The Jupyter notebooks rely on an MPI-environment and use ipyparallel and mpi4py for setting up the parallel environment. If you are not familiar with these packages, please read up on them before getting started.
If you prefer to run outside of a Docker container, you will need to install several pre-requisites. The Dockerfile can serve as a recipe of what they are and how to install them.

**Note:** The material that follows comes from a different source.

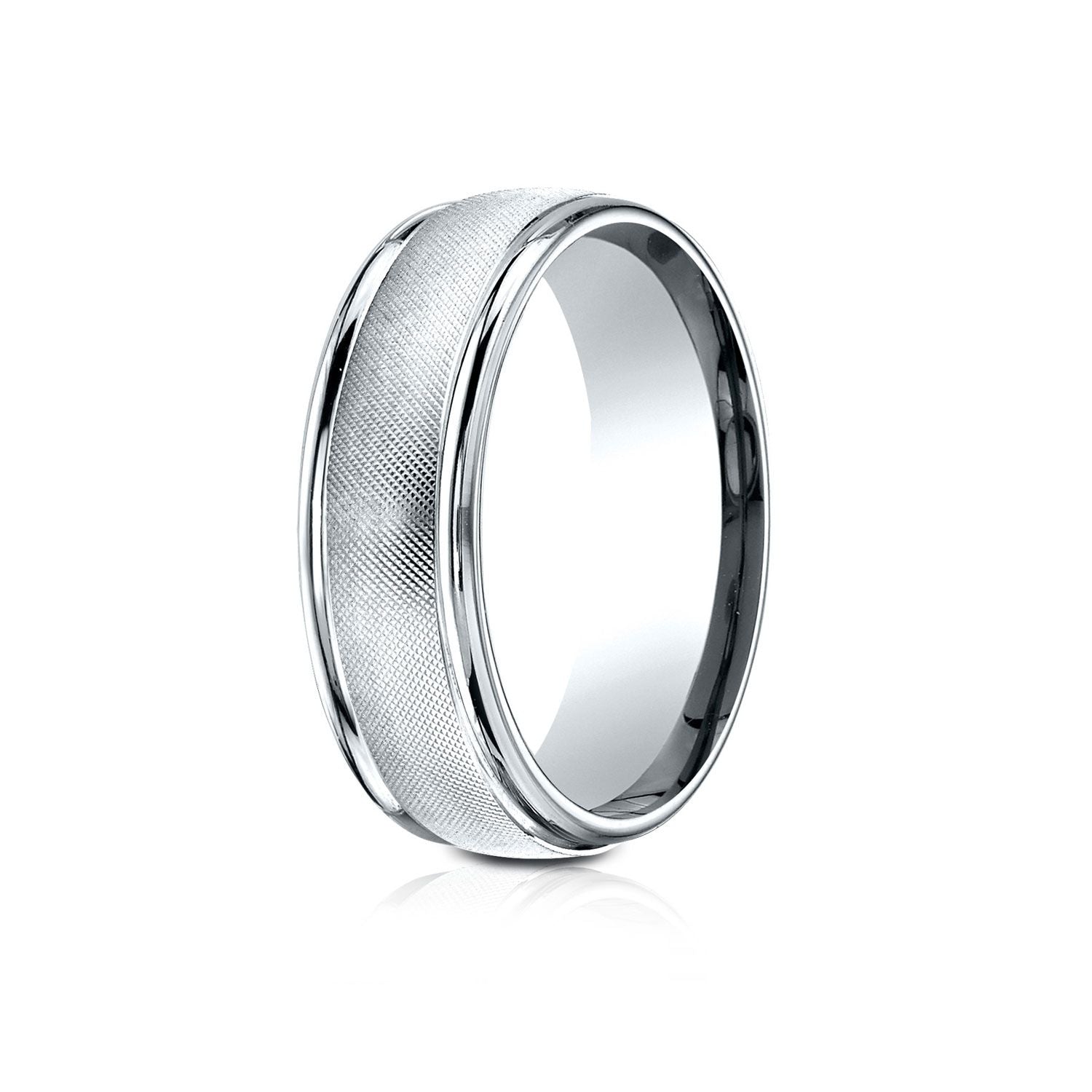 14 Karat White Gold 7mm Comfort-fit Florentine Center High Polish Round Edge Design Band

Building an environment to run these examples on the GFDL Post Processing and Analysis Cluster (PP/AN)
Within the build_scripts
directory are a couple scripts relevant for setting up an environment to run these notebook examples on the GFDL Post Processing and Analysis Cluster (PP/AN). To create an environment, log in to either the jhan
or jhanbigmem
node on the analysis cluster clone this repository, and then navigate to the build_scripts
directory:
$ ssh analysis
$ git clone --recursive https://github.com/NOAA-GFDL/pace.git
$ cd pace/examples/build_scripts
From there, run the installation script. This script takes two arguments. The first is to a directory you would like to install all the software into, and the second is a name you would like to give the conda environment the script creates. Since conda environments can take up a reasonable amount of space, it is recommended that you install things in your /work
directory rather than your /home
directory:
$ bash build_ppan.sh /work/$USER/pace-software pace
This will take a few minutes to complete, but assuming it finishes succesfully you should then be able to activate the environment and run the example notebooks. To do so, first source the activate_ppan.sh
script. This loads some modules, activates the appropriate conda environment, and sets some environment variables necessary for running the examples. You will then be able to start JupyterLab following GFDL's recommended approach:
$ source activate_ppan.sh /work/$USER/pace-software pace
$ cd ..
$ jhp launch lab
It will take a minute or so for the server to start up. If you are on GFDL's network or have configured your proxy settings appropriately, you will then be able to navigate to the URL produced by the command in your local browser. This will take you to the JupyterLab interface, where you can open and run the example notebooks. Note that it can take some time to initially connect to the notebook kernel, so be patient.
Here we have example scripts and configuration for running the Pace driver. Currently this contains two examples which run the model on a baroclinic test case using the numpy backend. You will find this runs fairly slowly, since the "compiled" code is still Python. In the future, we will add examples for the compiled backends we support.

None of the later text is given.